-------- GIVEN DATA --------

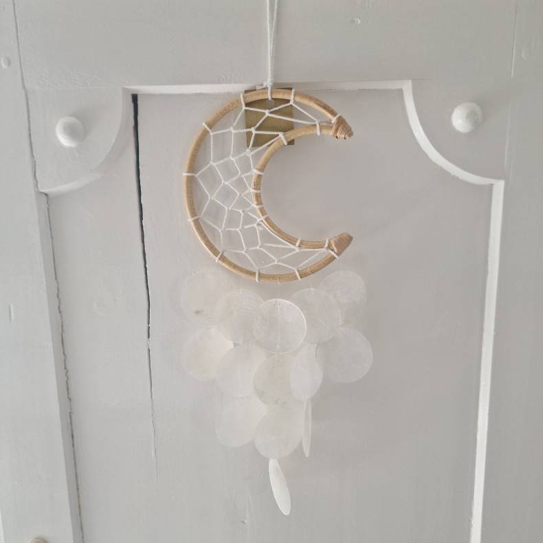 Drømmefanger Måne medium med skaller og vindspils effekt
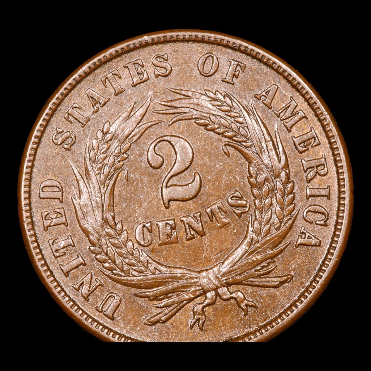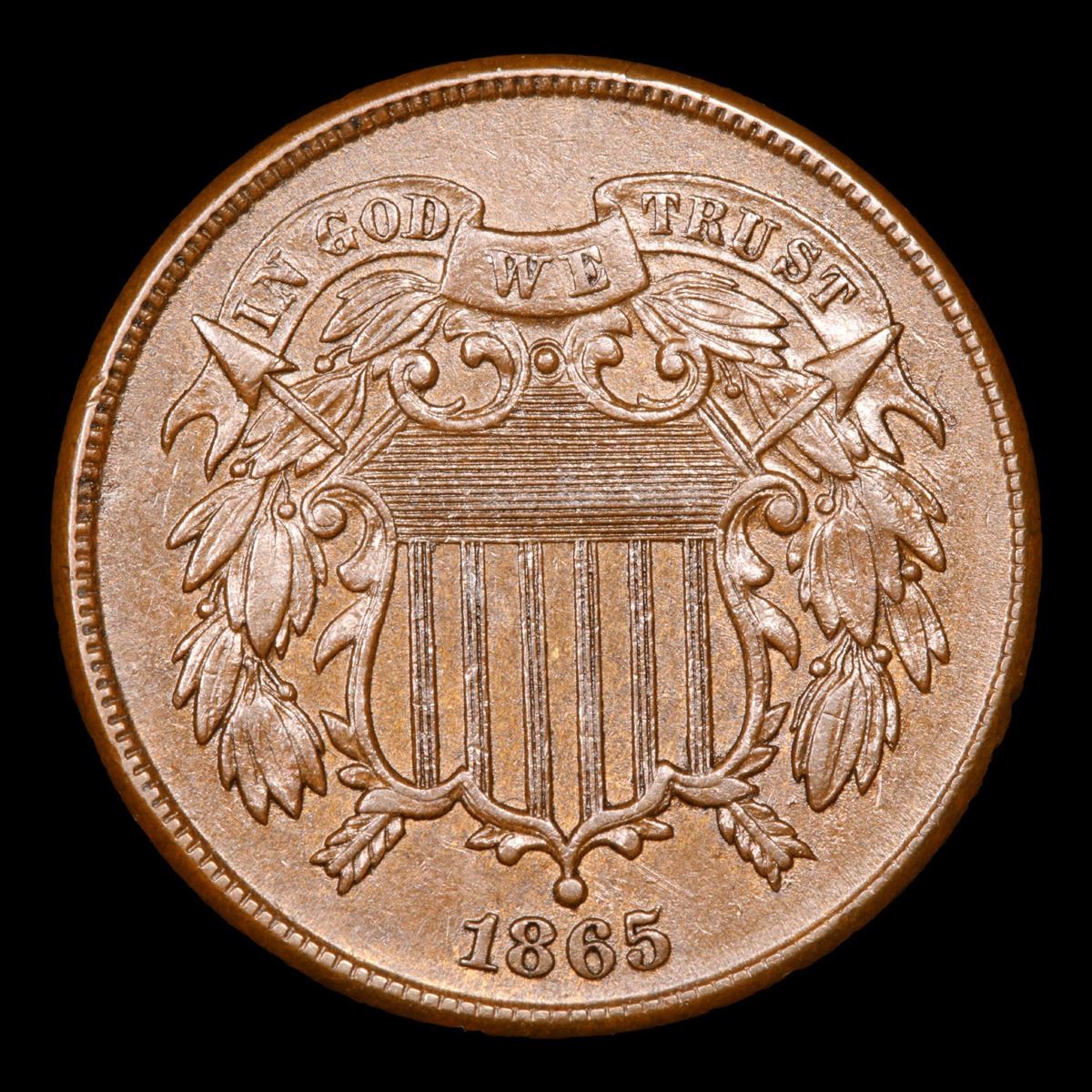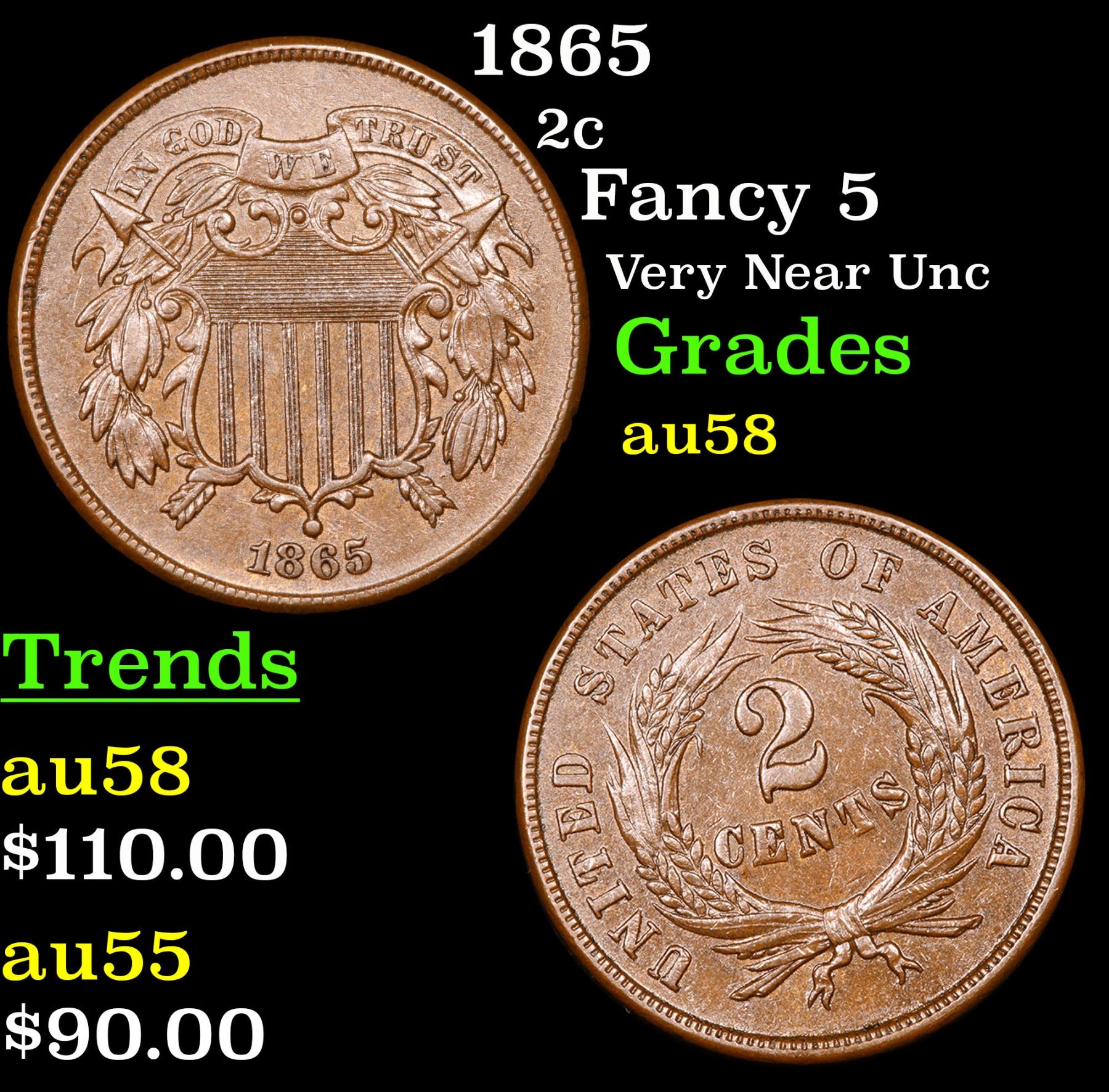 1865 Fancy 5 Very Near Unc Two Cent Piece 2c Grades Choice AU/BU Slider.
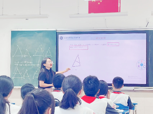 活动伊始,蔡姝萍以《24.4(2)相似三角形的判定》为题,为大家呈现了一堂精彩的校内公开课。课堂上,她围绕相似三角形判定的核心知识点,通过精心设计的问题链,引导学生逐步深入探究。她借助清晰的课件演示、生动的案例分析,将抽象的数学知识具象化,有效激发了学生的学习兴趣。在互动环节,蔡姝萍注重引导学生自主思考、小组讨论,让学生在合作交流中梳理解题思路,充分展现了以学生为主体的教学理念,为后续的研讨环节提供了优质的课堂样本。
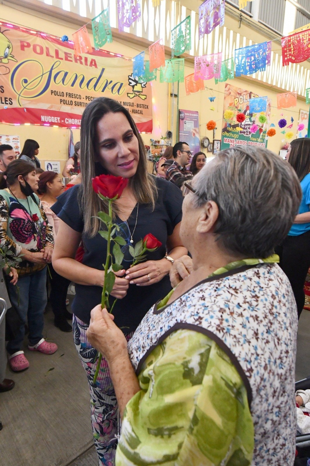 Lorena Alfaro García, presidenta municipal, destacó el trabajo que realizan todas las madres de familia que laboran en el mercado o que consumen en el; reconoció la labor de estas mujeres para mantener este espacio dedicado al comercio en buenas condiciones y con un buen servicio.
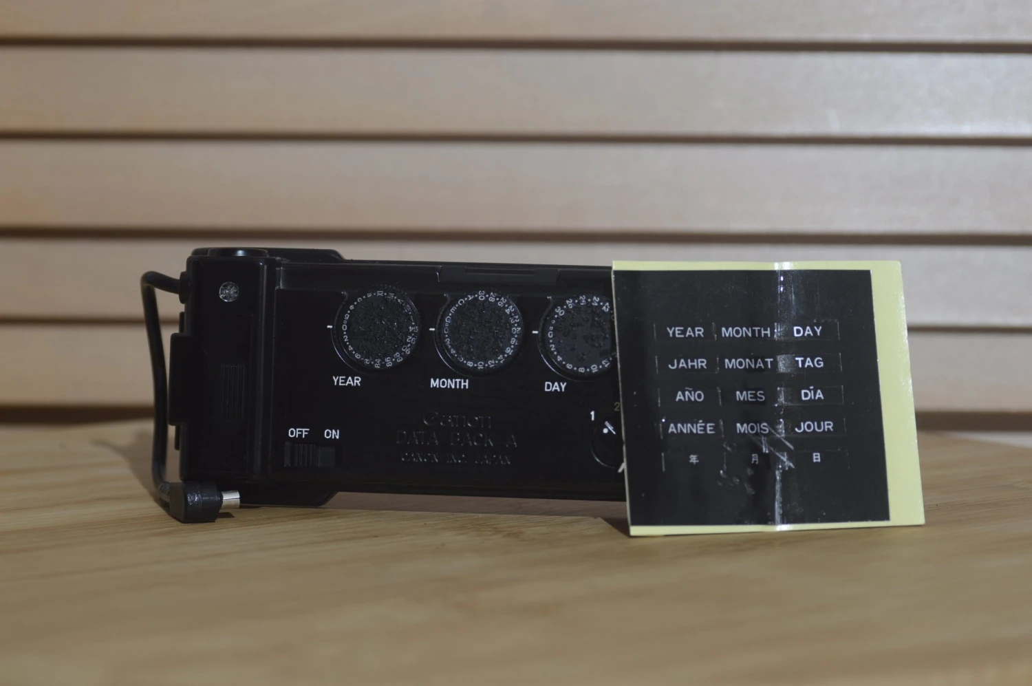 Another accessory developed especially for Canon’s A series cameras is the Data Back A. Great for amateur and professional alike, but it is different from other LCD (Liquid Crystal Display) used by competition like the Nikon MF-12. Instead, it has dials for letters, Roman numerals and dates. Advantage of the dial system is being, it can be used either for dating, or classifying photographs. Attachable right onto the back of the camera, it uses the camera’s electronic circuitry to imprint this information on the film in perfect synchronization with exposure.
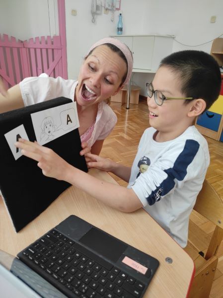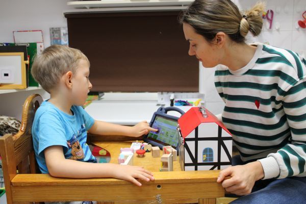 - trening języka i komunikacji AAC: PECS, PCS, gesty Makaton, Mówik z oprogramowaniem na tablet.
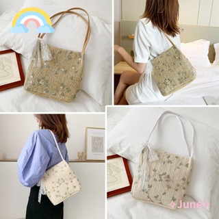 JUNE Túi Cói Đeo Vai Màu Trơn Thời Trang Trẻ Trung
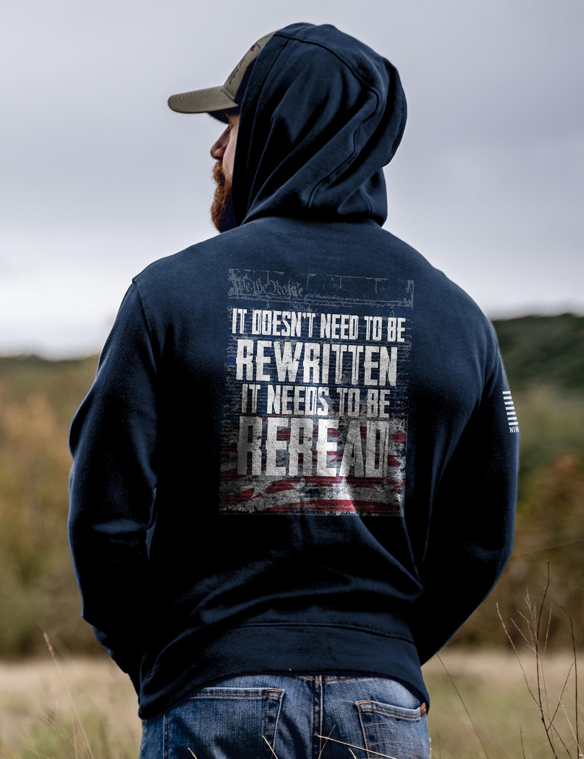 Nine Line REREAD Not ReWritten Hoodie for Men Patriotic American Flag Hoodie, Veteran Owned American Made USA Freedom Apparel
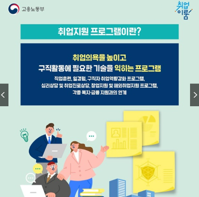 국민취업지원제도 참여자를 대상으로 다양한 취업지원 프로그램과 구직활동 프로그램을 제공합니다.

--------

Everything in the entries except the images must be copied exactly.

 Drømmefanger Måne medium med skaller og vindspils effekt
 1865 Fancy 5 Very Near Unc Two Cent Piece 2c Grades Choice AU/BU Slider.
 活动伊始,蔡姝萍以《24.4(2)相似三角形的判定》为题,为大家呈现了一堂精彩的校内公开课。课堂上,她围绕相似三角形判定的核心知识点,通过精心设计的问题链,引导学生逐步深入探究。她借助清晰的课件演示、生动的案例分析,将抽象的数学知识具象化,有效激发了学生的学习兴趣。在互动环节,蔡姝萍注重引导学生自主思考、小组讨论,让学生在合作交流中梳理解题思路,充分展现了以学生为主体的教学理念,为后续的研讨环节提供了优质的课堂样本。
 Lorena Alfaro García, presidenta municipal, destacó el trabajo que realizan todas las madres de familia que laboran en el mercado o que consumen en el; reconoció la labor de estas mujeres para mantener este espacio dedicado al comercio en buenas condiciones y con un buen servicio.
 Another accessory developed especially for Canon’s A series cameras is the Data Back A. Great for amateur and professional alike, but it is different from other LCD (Liquid Crystal Display) used by competition like the Nikon MF-12. Instead, it has dials for letters, Roman numerals and dates. Advantage of the dial system is being, it can be used either for dating, or classifying photographs. Attachable right onto the back of the camera, it uses the camera’s electronic circuitry to imprint this information on the film in perfect synchronization with exposure.
 - trening języka i komunikacji AAC: PECS, PCS, gesty Makaton, Mówik z oprogramowaniem na tablet.
 JUNE Túi Cói Đeo Vai Màu Trơn Thời Trang Trẻ Trung
 Nine Line REREAD Not ReWritten Hoodie for Men Patriotic American Flag Hoodie, Veteran Owned American Made USA Freedom Apparel
 국민취업지원제도 참여자를 대상으로 다양한 취업지원 프로그램과 구직활동 프로그램을 제공합니다.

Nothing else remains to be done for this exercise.